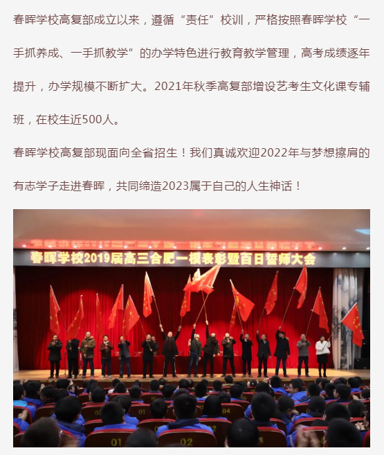 今天的一个决定,明年的一个惊喜!——春晖学校高复部招生火爆进行中!
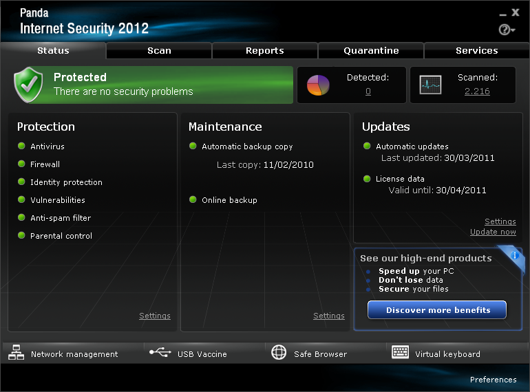 Panda Internet Security 2012, tam bir iç huzuruyla İnternet kullanımı sağlayan bir güvenlik paketidir. Virüs, casus yazılım, rootkit, çevrimiçi dolandırıcılığı, kimlik hırsızlığı ve diğer İnternet tehditlerine karşı sizi korur.
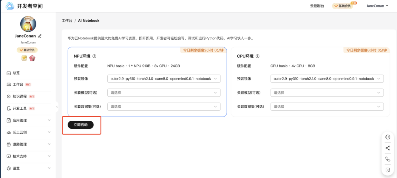 例如:我们选择 euler2.9-py310-torch2.1.0-cann8.0-openmind0.9.1 然后,点击立即启动,
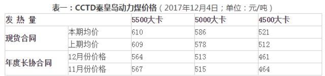 本報告期(11月25日至12月1日,見表一),“CCTD秦皇島動力煤價格”所采集的環(huán)渤海地區(qū)各種現貨動力煤價格整體上呈現止跌跡象,低熱值現貨動力煤價格則略有回升。其中,CCTD5500報收于610元/噸,比11月27發(fā)布的價格上漲了1元/噸;CCTD5000報收于586元/噸,比11月27發(fā)布的價格上漲了8元/噸。
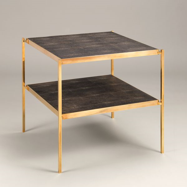 This table has a distinctive and streamlined design with eclectic offset legs. While produced from traditional materials, the piece has a contemporary style.Nickel (Glass)
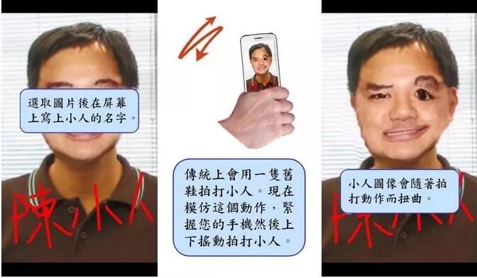 首先友善地帮目标小人拍张照片,然後在 APP输入小人照片,再把手机变身拖鞋上下摇晃打打打,打到小人(照片)脸容扭曲变猪头!
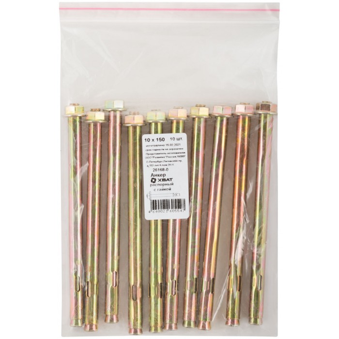 Анкер распорный с гайкой 10х150 10 шт Фасовка (26168-0)
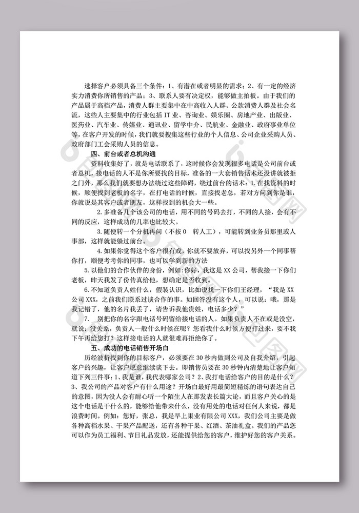 电话销售话术技巧模板免费下载_学科手抄
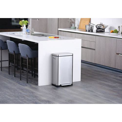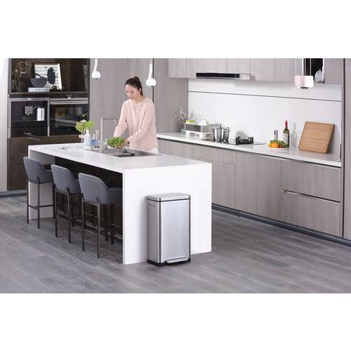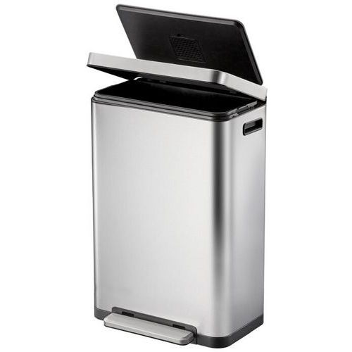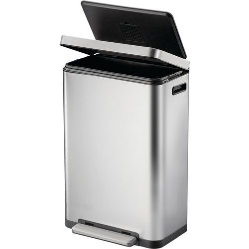 Stilig rektangulær pedalbøtte med ekstra bred pedal, innerbøtte i plast, mykt lukkende lokk og holde-åpen funksjon. Pedalbingen av børstet rustfritt stål er utstyrt med fingeravtrykksikkert belegg og antibakterielt belegg i nanosølv. Silikontetningsringen sørger for effektiv oppbevaring av ubehagelige lukter i avfallsbeholderen. Det er også innebygd luktfilter i lokket. Den sammenleggbare kanten holder beholderen åpen for enkel utskifting av avfallsposen og/eller fjerning av innerbeholderen.
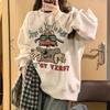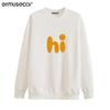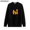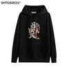 Sudadera negra de manga larga y cuello redondo de algodón hi puro para mujer, estilo otoño e invierno, holgada, estilo perezoso, 350 g, con capucha estampada, pesada
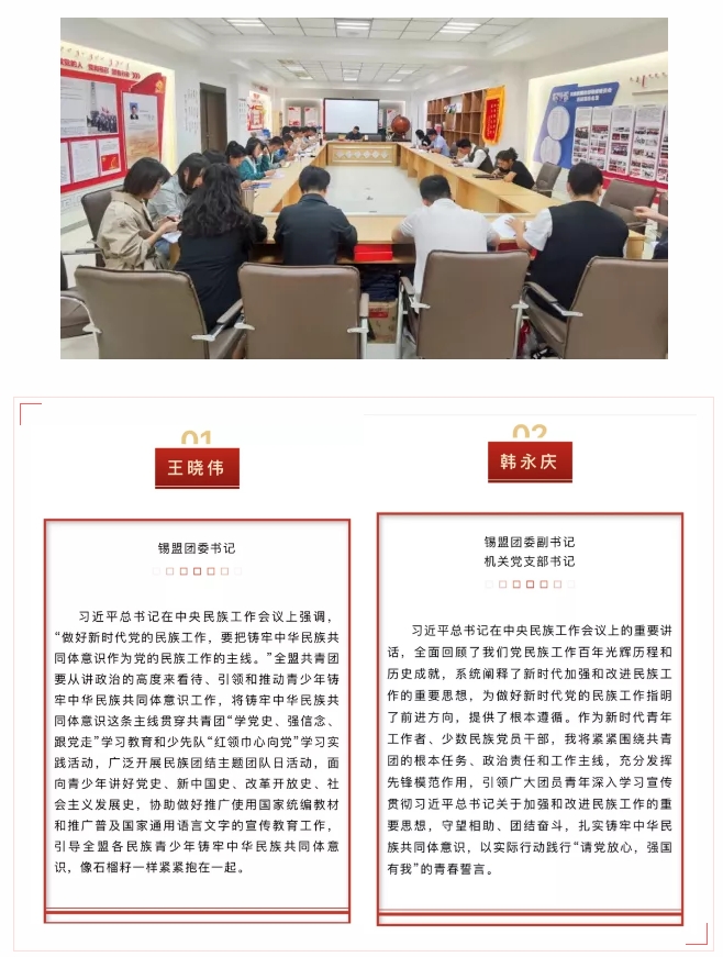 锡林郭勒盟共青团深入学习贯彻习近平总书记关于加强和改进民族工作的重要思想和中央民族工作会议精神,通过举办专题培训、座谈交流、事迹分享、主题演讲、实践教育等主题鲜明、形式多样、丰富多彩的活动,进一步加强青少年民族团结进步宣传教育,教育引导广大青少年扎实铸牢中华民族共同体意识。
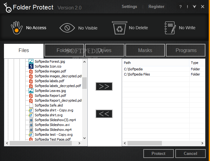 Folder Protect represents a security solution for your files, folders, drives, masks and programs. It is highly advised to use this type of tool when sharing your computer with multiple users, since it helps protecting the privacy of your information.
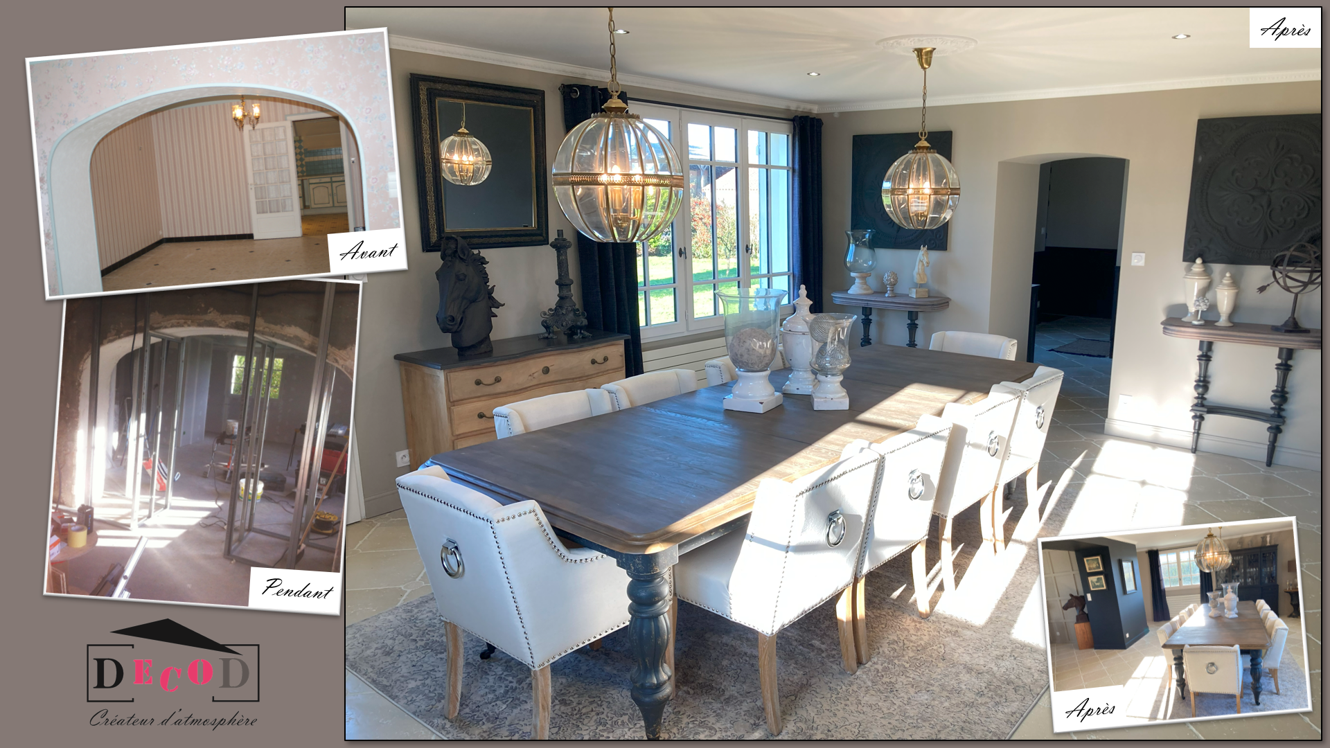 Rénovation d’une salle à manger (2014) – A l’occasion d’une rénovation complète, DecoD a repensé les volumes de cette maison et réalisé les travaux (démolition, placo, isolation, bandes, peinture, pose des moulures, décoration).

____

WORK INSTRUCTIONS – Word for word, return the material above; the pictures stay out.

EXERCISE OUTPUT –
 今天的一个决定,明年的一个惊喜!——春晖学校高复部招生火爆进行中!
 Panda Internet Security 2012, tam bir iç huzuruyla İnternet kullanımı sağlayan bir güvenlik paketidir. Virüs, casus yazılım, rootkit, çevrimiçi dolandırıcılığı, kimlik hırsızlığı ve diğer İnternet tehditlerine karşı sizi korur.
 例如:我们选择 euler2.9-py310-torch2.1.0-cann8.0-openmind0.9.1 然后,点击立即启动,
 本報告期(11月25日至12月1日,見表一),“CCTD秦皇島動力煤價格”所采集的環(huán)渤海地區(qū)各種現貨動力煤價格整體上呈現止跌跡象,低熱值現貨動力煤價格則略有回升。其中,CCTD5500報收于610元/噸,比11月27發(fā)布的價格上漲了1元/噸;CCTD5000報收于586元/噸,比11月27發(fā)布的價格上漲了8元/噸。
 This table has a distinctive and streamlined design with eclectic offset legs. While produced from traditional materials, the piece has a contemporary style.Nickel (Glass)
 首先友善地帮目标小人拍张照片,然後在 APP输入小人照片,再把手机变身拖鞋上下摇晃打打打,打到小人(照片)脸容扭曲变猪头!
 Анкер распорный с гайкой 10х150 10 шт Фасовка (26168-0)
 电话销售话术技巧模板免费下载_学科手抄
 Stilig rektangulær pedalbøtte med ekstra bred pedal, innerbøtte i plast, mykt lukkende lokk og holde-åpen funksjon. Pedalbingen av børstet rustfritt stål er utstyrt med fingeravtrykksikkert belegg og antibakterielt belegg i nanosølv. Silikontetningsringen sørger for effektiv oppbevaring av ubehagelige lukter i avfallsbeholderen. Det er også innebygd luktfilter i lokket. Den sammenleggbare kanten holder beholderen åpen for enkel utskifting av avfallsposen og/eller fjerning av innerbeholderen.
 Sudadera negra de manga larga y cuello redondo de algodón hi puro para mujer, estilo otoño e invierno, holgada, estilo perezoso, 350 g, con capucha estampada, pesada
 锡林郭勒盟共青团深入学习贯彻习近平总书记关于加强和改进民族工作的重要思想和中央民族工作会议精神,通过举办专题培训、座谈交流、事迹分享、主题演讲、实践教育等主题鲜明、形式多样、丰富多彩的活动,进一步加强青少年民族团结进步宣传教育,教育引导广大青少年扎实铸牢中华民族共同体意识。
 Folder Protect represents a security solution for your files, folders, drives, masks and programs. It is highly advised to use this type of tool when sharing your computer with multiple users, since it helps protecting the privacy of your information.
 Rénovation d’une salle à manger (2014) – A l’occasion d’une rénovation complète, DecoD a repensé les volumes de cette maison et réalisé les travaux (démolition, placo, isolation, bandes, peinture, pose des moulures, décoration).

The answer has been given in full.